Mistakes were made: Little did the Marlins know that Bell would morph into a pumpkin, while Ramirez would remain inexplicably average and make his fantastic 2009 season seem like a distant memory.

Indeed, the two biggest free agents that the Marlins for whom the Fish decided not to break the bank, Prince Fielder and Yoenis Cespedes, had admirable seasons and put up the kinds of numbers that might have given this speech a decidedly different tone.

The numbers paint a clear picture of this team's shortcomings. A disastrous bullpen (with 20 blown saves as of this writing), untimely hitting (the team is slashing a paltry.236/.325/.361 with RISP), and the injury bug all played a role in the Marlins' demise. There are no scapegoats on this team. With few exceptions (cough, Giancarlo Stanton, cough), practically everyone is to blame for the debacle of 2012.

Mudslinging time: Underperforming free-agent acquisitions like Bell, John Buck (a 2011 signee who waited until September to bring his batting average above the Mendoza line), and Reyes (a .349 OBP is not what Loria paid $100 million for) have led Marlins fans to do what was once unthinkable ... question the aptitude of team president Larry Beinfest.

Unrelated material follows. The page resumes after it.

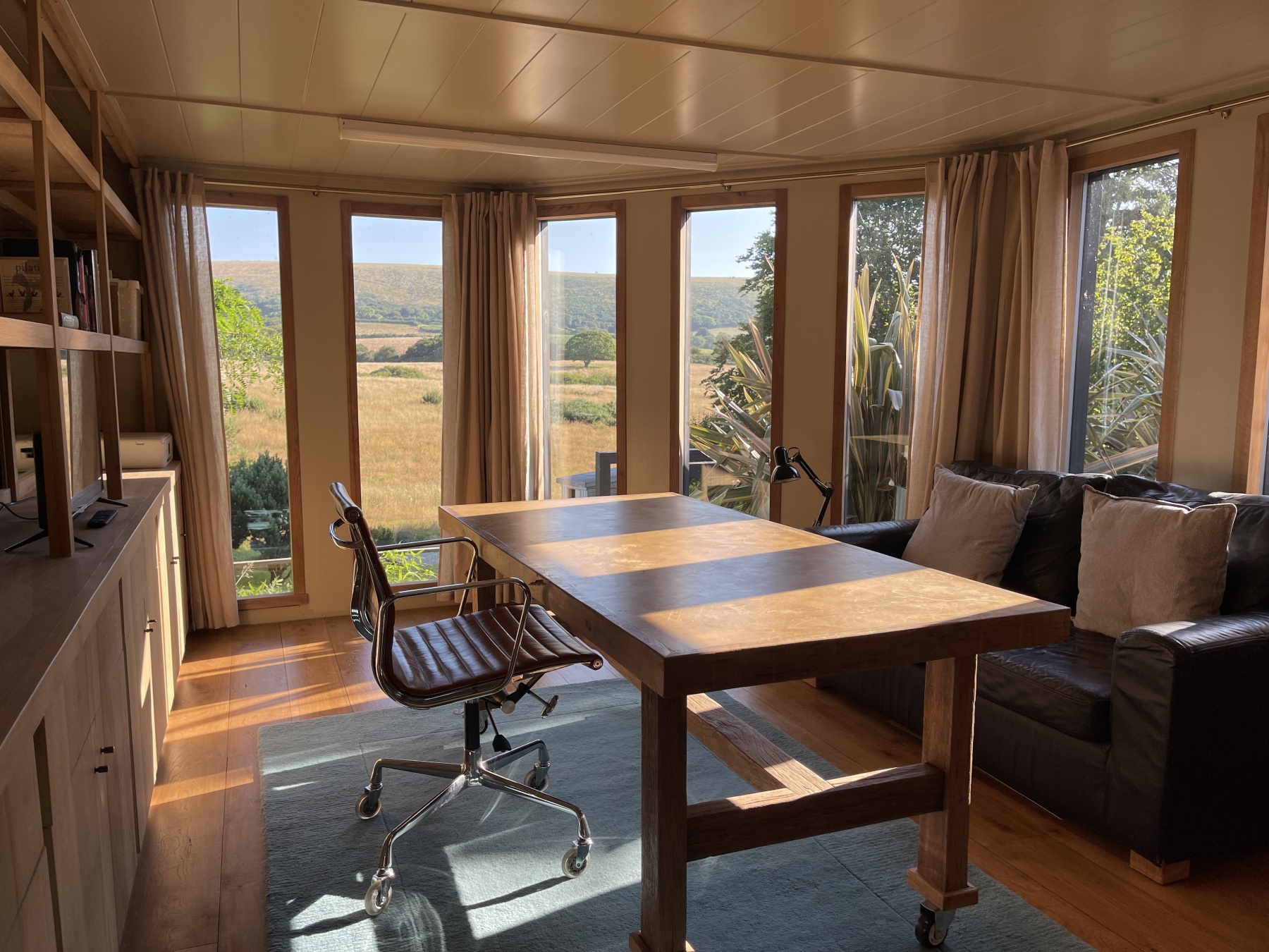 Stepping down to a the ZEN GARDEN which is a perfect spot to escape to work or curl up with a book. To the left is a stylish WORKSHOP which others might use as a garden snug with glazed doors looking across grass and planting. Opposite is the magnificent GARDEN OFFICE with ensuite and floor to ceiling windows offering spectacular views across Purbeck.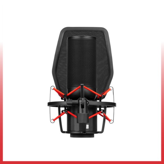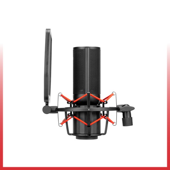 - Shockmount yang termasuk dengan tali elastis merah mengurangi noise dan kompatibel dengan stand lantai/meja atau boom arm apa pun.

The man who once turned Antonio Alfonseca into Dontrelle Willis and Juan Pierre into Ricky Nolasco has made plenty of missteps as of late, so much so that he could be looking for a new job this winter.

Hope for the future: No figure became more of a lightning rod for criticism than our former franchise centerpiece, Hanley Ramirez, and for good reason. When the team decided it was no longer worth it to pay H2R $15 million for an OPS+ of 102, plenty of us cheered. Sure, the team could only garner some iffy prospects in return for Ramirez, but the money saved by not paying his salary for the next two years will hopefully allow the team to retool its roster yet again this winter.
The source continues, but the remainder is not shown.